Ciento sesenta años más tarde desde 1851, después del abandono de Cartagoviejo, colonos
antioqueños pobres, agobiados por las guerras interminables, se propusieron buscar tierras
baldías en las orillas del río Otún para hacerse propietarios, haciendo desmontes, y construyendo
viviendas de paja y teja de guadua; estos terrenos baldíos fueron legalizados un año después en el
gobierno de Mariano Ospina Rodríguez. Cuando Guillermo Pereira Gamba “regaló” tierras, los
colonos ya disponían de 5.550 hectáreas escrituradas por la Nación desde 1858. Los antioqueños
Francisco Hernández, José Maria Gallego, Laurencio Carvajal, Nepomuceno Buitrago, Tomás
Cortés, Rosendo Marulanda, José Hurtado, Manuel Ramírez y Jesús Marulanda entre otros,
animados desde Cartagonuevo por el padre Remigio Antonio Cañarte, se dieron a la tarea de
redescubrir la vieja ciudad española, de cuyos vestigios había dado fe José Francisco Pereira
Martínez padre de Guillermo Pereira Gamba. Fue decisivo para acometer esta empresa, la
facilidad de comunicación terrestre que proporcionaba “El Camino del Privilegio” construido en
concesión por Félix de la Abadía, y la voluntad expresa de Ramón Ernesto Rubiano Ángel
gobernador de la provincia del Quindío y Vicente Bueno Betancur alcalde de Cartago.
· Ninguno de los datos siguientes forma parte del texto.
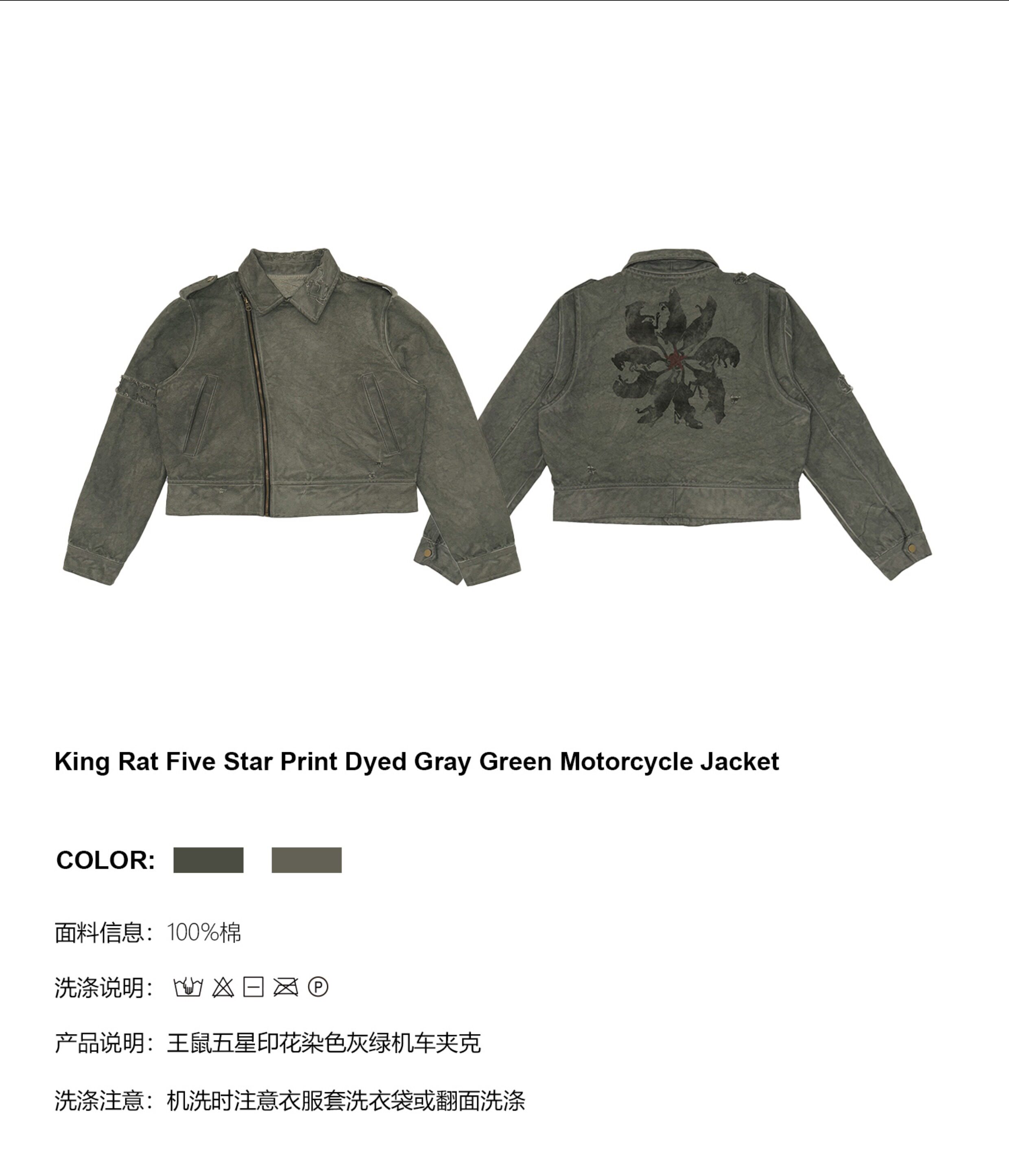noEmosen Tie Gray Green Dyed Motorcycle Collar Jacket
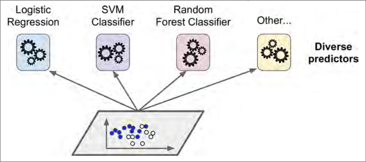 앙상블 학습은 어떤 데이터가 주어졌을 때(분류 문제라고 합시다.), 그 데이터가 어떤 클래스에 속할지를 일련의 예측기(Classifier), 즉 분류나 회귀 모델로부터 예측들을 모아서 결정하는 방식입니다. 아래 그림과 같이 선형 분류기, SVM, 랜덤 포레스트 등 여러 가지 모델들의 예측 결과를 모아서, 가장 가능성이 높은 클래스를 결정하는 것입니다.

El devenir histórico de una procesión iniciada el 21 de abril de 1691, se cerraba aquel 30 de
agosto de 1863, cuando el sacerdote Remigio Antonio Cañarte bendice el primer templo pajizo y
celebra “misa de fundación”. Los incensarios que una vez ordenó guardar Don Manuel de Castro y
Mendoza, ondeaban en manos de Elías Recio y Jesús María Ormaza, quienes fungiendo de
monaguillos, colmaron de fragancia los nuevos aires de aquel memorable día.
El sueño de una gran ciudad del abogado cartagueño José Francisco Pereira Martínez, se hacía
realidad de la mano de su gran amigo el padre Cañarte, recibiendo así todo honor y
merecimiento, cuando mediante Ley de la República de abril 25 de 1870, quedaba oficializado el
establecimiento de La Villa de Pereira.